In October 1939 a Velocette MAC was purchased by the British War Office Army Mechanisation Experimental Establishment (MEE) at Cove in Hampshire for testing its suitability for military use. As well as British observers there were also representatives of the French Army present. The tests were successful but a number of modifications were suggested and in 1940 the Velocette MAC was modified into a military specification. Velocette's first order for the military version was from the French Government but the contract for 1,200 motorcycles was cancelled after the French capitulation. Only one was delivered before the French were overrun by the advancing German Army. The British War Department asked for some further modifications and took over the French order in June 1940. The Velocette was designated the MAC (WD), the WD coming from "War Department", although it was often referred to as the MDD as this was the prefix for the serial numbers.
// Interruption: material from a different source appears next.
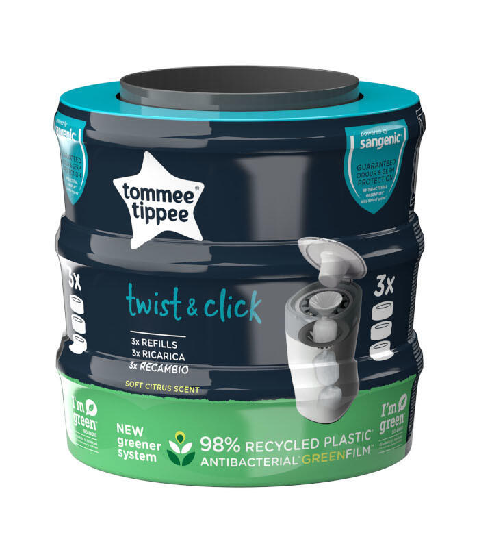 Los recambios Sangenic Tec de contenedores de pañales, con aroma cítrico, antibacterianos implican los pañales en una película de plástico y eliminan alrededor del 99% de los gérmenes. En pocas palabras la recarga de la parte superior del contenedor Sangenic Tec y está listo para usar. Cada recarga sirve para almacenar hasta 84 pañales (tamaño 1: 2-5kg).

The MAC (WD) had an upgraded clutch and the pressed-steel front brake drum was replaced by cast iron fittings which became standard for the later MAC models, due to the shortage of aluminium which was needed for aircraft manufacture. Other modifications included a protective shield bolted to the frame over the crankcase. A strong carrying rack replaced the rear pillion seat and the headlamp was masked to comply with blackout regulations.

The MDD could cope well with battlefield conditions, but Velocette's limited production facilities meant it was a difficult to keep up production and by September 1942 the MDD order was cancelled and the factory turned over to other War work. As there were a fairly small number in service both the Velocette MAC (WD) and the improved MAF were largely used by British-based forces, including the Fire Service and Civil Defence organisations, as well as the Royal Air Force.

====The 'missing' WDs====
A myth persists that a large consignment of Velocette MAC (WD) intended for use in France was lost in the English Channel while being delivered. An order for 200 MAC (WD)'s was placed in July 1940 for delivery to the Central Ordnance Department at Chilwell but the order was never fulfilled, probably due to lack of capacity at the Velocette factory.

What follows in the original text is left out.